ECLI:NL:RBROT:2025:9549
Rechtbank Rotterdam
- Eerste aanleg - meervoudig
- Rechtspraak.nl
Niet-ontvankelijkheid beroep tegen aanslag leges omgevingsvergunning
In deze uitspraak van de Rechtbank Rotterdam op 7 augustus 2025, met zaaknummer ROT 23/6947, is het beroep van eiser tegen de uitspraak op bezwaar van de heffingsambtenaar van 18 september 2023 beoordeeld. Eiser had bezwaar gemaakt tegen een aanslag van € 2.308,86 voor leges voor een omgevingsvergunning, die was opgelegd aan zijn gemachtigde. De rechtbank oordeelde dat eiser niet als belanghebbende kon worden aangemerkt op basis van artikel 26a van de Algemene wet inzake rijksbelastingen, omdat de aanslag aan zijn gemachtigde was opgelegd en niet aan hemzelf. Hierdoor was het beroep niet-ontvankelijk.

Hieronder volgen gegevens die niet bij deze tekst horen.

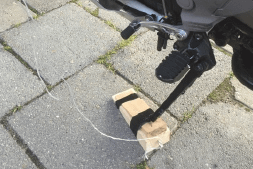 Next day I was off to the local equivalent of B&Q to purchase some wood, tape, screws and string and set-to in their car park, to make a peg-leg for my bike. You may laugh – I did – but it worked. I could stop, lower the peg-leg on the string and manoeuvre it under the broken side stand. I was concerned though about using my Heath Robinson handwork on the Tallinn to Helsinki Ferry, so phoned my local, Aberdeen Honda dealer. I wanted to know the part number and availability of the side stand for the standard Africa Twin, the difference in lengths and whether the fixings were the same for both. I received a full reply the following day – the difference in length is 2cm and the fitting is the same.
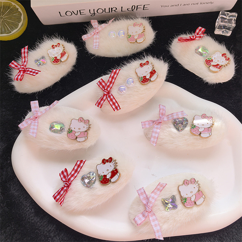 可爱毛绒草莓KT猫咪发夹秋冬款蝴蝶结甜美少女刘海碎发卡边夹头饰
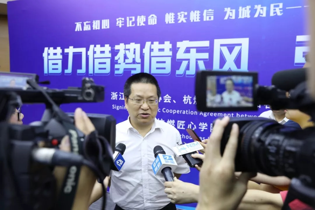 副总经理王忠平接受浙江钱江频道、杭州日报、杭州电视台等15家新闻媒体现场采访

De rechtbank benadrukte dat, zelfs als eiser als belanghebbende zou worden beschouwd, hij eerst bezwaar had moeten maken voordat hij beroep kon instellen, wat hij niet had gedaan. De rechtbank concludeerde dat het beroep niet-ontvankelijk was en dat eiser geen recht had op terugbetaling van griffierechten of proceskosten. Wel werd een schadevergoeding van € 500,- toegewezen aan eiser vanwege overschrijding van de redelijke termijn in de procedure, die door de Staat moest worden betaald. De rechtbank stelde ook de proceskosten voor het verzoek om schadevergoeding vast op € 226,75, en de reiskosten van eiser op € 26,22. De uitspraak werd openbaar gemaakt op 7 augustus 2025.